Thursday, January 12, 2012

When It Rains, It's Wet

Not long after film school, I worked as an agent's assistant to learn first-hand about the business side of The Industry.  In addition to learning some rather exotic slang (I wish it didn't, but donkey-punch comes too vividly to mind), I got an inside perspective of what it takes to get a project from idea to execution.  If you've never shot a film or put on a play or prosecuted a small, multi-national war, you might be surprised by the amount of effort, equipment, time and personnel it takes to get any script made.

Or read.

While many movies and TV shows crack wise that every tepid body in L.A. has written and is pushing a screenplay, that's not exactly an exaggeration.  So many scripts go through agencies each day, week, and month, it is nearly impossible to get an agent to read anything.  In addition to being reluctant to opening themselves up to accusations of theft and litigation, agents already wade through sometimes hundreds of pages a night just to keep up with the work-flow. Even agents that don't consider anything that isn't "repped" or "solicited" could build cities from the paper and brass brads they go through in a year.  (In environmental fairness, some agents and agencies have switched to Kindles or iPads or other digital-viewers to spare the trees.)

And that's just the regular times of year.  

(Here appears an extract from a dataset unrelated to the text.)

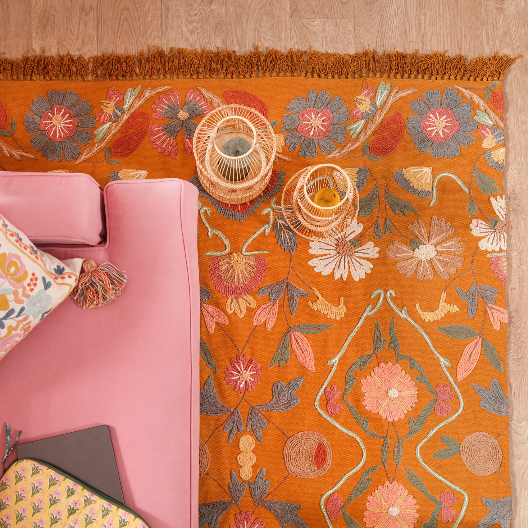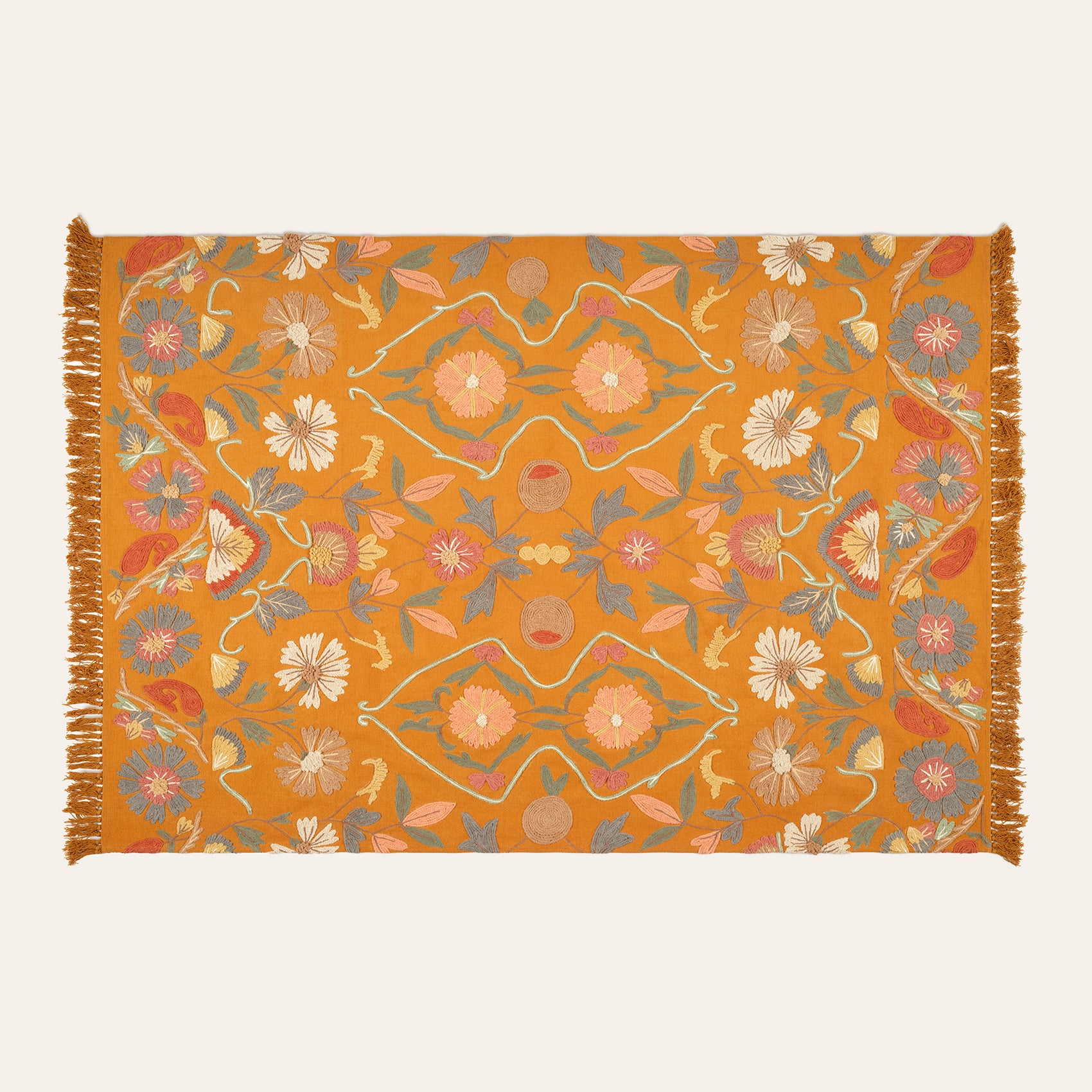 Sarı tonlarının sıcaklığıyla hayat bulan bu nakışlı pamuk kilim, Heritage koleksiyonunun eşsiz el işçiliğini yaşam alanlarınıza taşıyor. %98 pamuktan üretilen dokusu, doğal bir yumuşaklık ve dayanıklılık sunarken, el işçiliğiyle işlenen detaylar otantik bir estetik yaratıyor. Canlı motifleri ve dikkat çekici renkleriyle bu kilim, evinizde modern ve mirasa saygı duyan bir atmosfer kurmanıza olanak tanır. Uzun ömürlü kullanım için yalnızca kuru temizleme önerilir.

"Motion Picture/Lit" agents deal with longer scripts and get slammed during awards times, key film-festivals, etc., while TV agents handle theoretically shorter scripts but have "pilot season," which is  more complicated and exhausting than ever considering the wealth of independent cable channels now producing and airing original programming.  What was once a mad-dash scramble into Upfronts has become an almost rolling (read endless) entry and production schedule.  As a TV viewer, I'm thrilled there's almost always something new coming out, but as an "unrepped" writer, I'm scrambling because it seems there's no down-time when you can catch an agent at a lull.  Even agents with a personal interest in your career may take months or more to get to that script they promised they're "excited to read RIGHT AWAY!"  

This is one of the reasons announcing, "I'm a writer" is often met with condolences.  Standard advice from writers to writers is to focus on collecting rejections.  Amassing rejections focuses your energy on finding new places to submit and building the connections it takes to get someone, anyone, to read your work.  When that happens (when, not if--that's another staple), the writing must stand on its own or the opportunity is lost, sometimes forever.

Audiences must be won.  


Last year, I polished an original pilot and wrote a second, got professional praise for a sit-com spec (the exact words were, "It's funny."  -- I was understandably ecstatic), an agent who seems to like me says my script is on the to-read pile, and I re-submitted my novel.

I'm happy to report two rejections so far for 2012.  Happy because typing the word makes it so, right?  The power of words?  So, two rejections so far.  And counting!